**WORK TASK:** Only the pictures are dropped. Restate each line below word for word.
──────── SUPPLIED MATERIAL
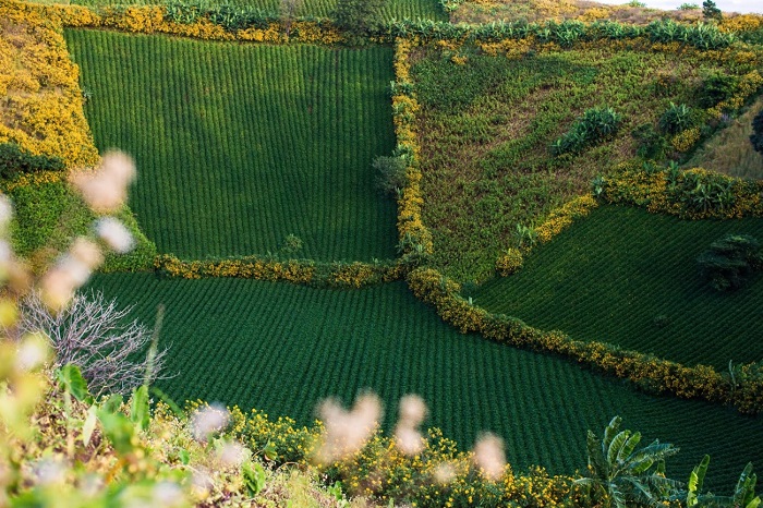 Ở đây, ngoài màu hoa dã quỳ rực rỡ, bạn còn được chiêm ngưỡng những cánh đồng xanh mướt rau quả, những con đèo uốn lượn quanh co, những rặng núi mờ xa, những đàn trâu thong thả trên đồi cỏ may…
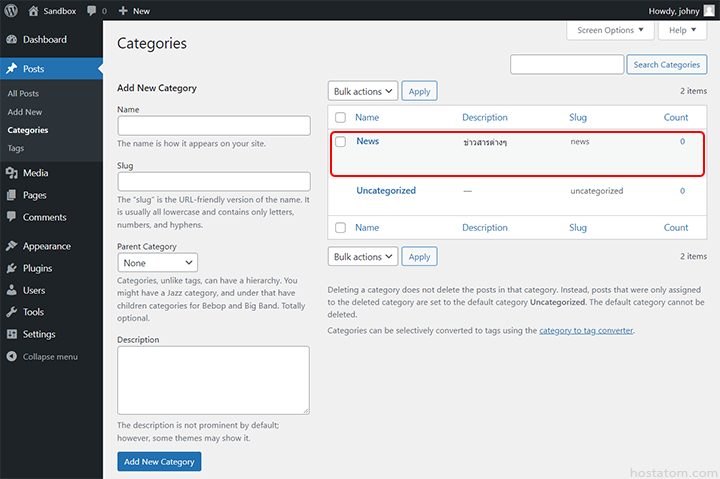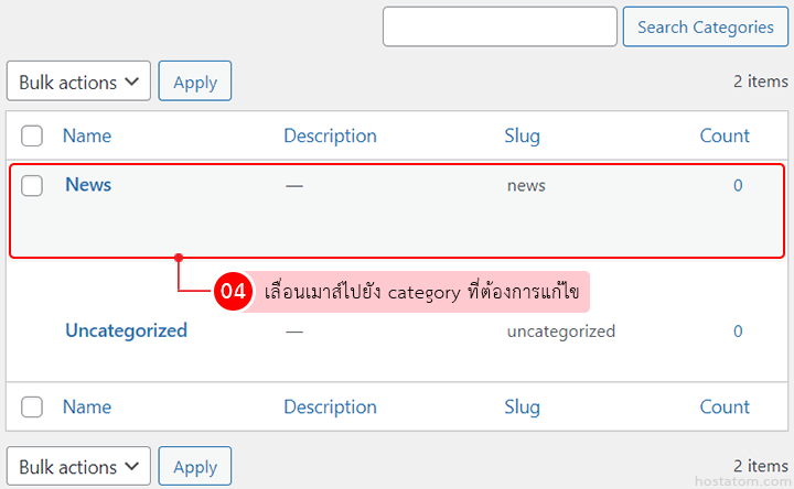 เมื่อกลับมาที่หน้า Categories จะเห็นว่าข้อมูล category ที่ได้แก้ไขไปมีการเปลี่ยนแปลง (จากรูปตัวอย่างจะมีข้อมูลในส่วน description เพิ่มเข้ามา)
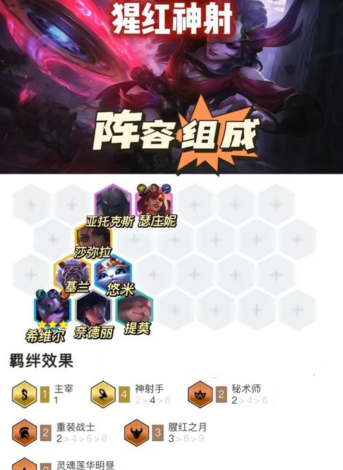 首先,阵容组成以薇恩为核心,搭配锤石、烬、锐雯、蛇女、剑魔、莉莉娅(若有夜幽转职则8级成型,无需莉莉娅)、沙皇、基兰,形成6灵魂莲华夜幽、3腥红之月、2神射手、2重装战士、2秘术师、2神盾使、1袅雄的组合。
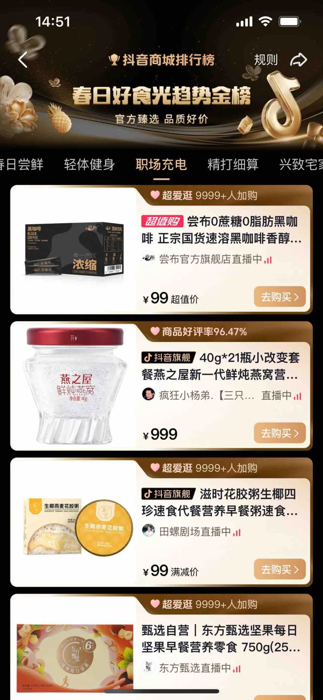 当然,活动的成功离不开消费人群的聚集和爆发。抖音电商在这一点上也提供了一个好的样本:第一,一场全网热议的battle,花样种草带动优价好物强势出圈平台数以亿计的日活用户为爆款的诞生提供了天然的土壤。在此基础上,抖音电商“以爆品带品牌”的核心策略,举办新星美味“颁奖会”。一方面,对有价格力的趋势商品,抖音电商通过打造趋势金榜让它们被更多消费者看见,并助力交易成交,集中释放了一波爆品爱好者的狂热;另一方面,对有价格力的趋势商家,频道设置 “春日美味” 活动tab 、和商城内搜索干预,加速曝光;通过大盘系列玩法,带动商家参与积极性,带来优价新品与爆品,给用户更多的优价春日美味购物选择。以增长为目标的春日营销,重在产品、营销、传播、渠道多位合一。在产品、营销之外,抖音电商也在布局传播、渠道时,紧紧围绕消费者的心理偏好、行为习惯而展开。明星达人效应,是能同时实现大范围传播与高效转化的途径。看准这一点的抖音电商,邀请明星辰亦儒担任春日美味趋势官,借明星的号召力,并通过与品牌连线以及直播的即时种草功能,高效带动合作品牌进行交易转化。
────────────────
**SOLUTION TO THIS EXERCISE:**
 Ở đây, ngoài màu hoa dã quỳ rực rỡ, bạn còn được chiêm ngưỡng những cánh đồng xanh mướt rau quả, những con đèo uốn lượn quanh co, những rặng núi mờ xa, những đàn trâu thong thả trên đồi cỏ may…
 เมื่อกลับมาที่หน้า Categories จะเห็นว่าข้อมูล category ที่ได้แก้ไขไปมีการเปลี่ยนแปลง (จากรูปตัวอย่างจะมีข้อมูลในส่วน description เพิ่มเข้ามา)
 首先,阵容组成以薇恩为核心,搭配锤石、烬、锐雯、蛇女、剑魔、莉莉娅(若有夜幽转职则8级成型,无需莉莉娅)、沙皇、基兰,形成6灵魂莲华夜幽、3腥红之月、2神射手、2重装战士、2秘术师、2神盾使、1袅雄的组合。
 当然,活动的成功离不开消费人群的聚集和爆发。抖音电商在这一点上也提供了一个好的样本:第一,一场全网热议的battle,花样种草带动优价好物强势出圈平台数以亿计的日活用户为爆款的诞生提供了天然的土壤。在此基础上,抖音电商“以爆品带品牌”的核心策略,举办新星美味“颁奖会”。一方面,对有价格力的趋势商品,抖音电商通过打造趋势金榜让它们被更多消费者看见,并助力交易成交,集中释放了一波爆品爱好者的狂热;另一方面,对有价格力的趋势商家,频道设置 “春日美味” 活动tab 、和商城内搜索干预,加速曝光;通过大盘系列玩法,带动商家参与积极性,带来优价新品与爆品,给用户更多的优价春日美味购物选择。以增长为目标的春日营销,重在产品、营销、传播、渠道多位合一。在产品、营销之外,抖音电商也在布局传播、渠道时,紧紧围绕消费者的心理偏好、行为习惯而展开。明星达人效应,是能同时实现大范围传播与高效转化的途径。看准这一点的抖音电商,邀请明星辰亦儒担任春日美味趋势官,借明星的号召力,并通过与品牌连线以及直播的即时种草功能,高效带动合作品牌进行交易转化。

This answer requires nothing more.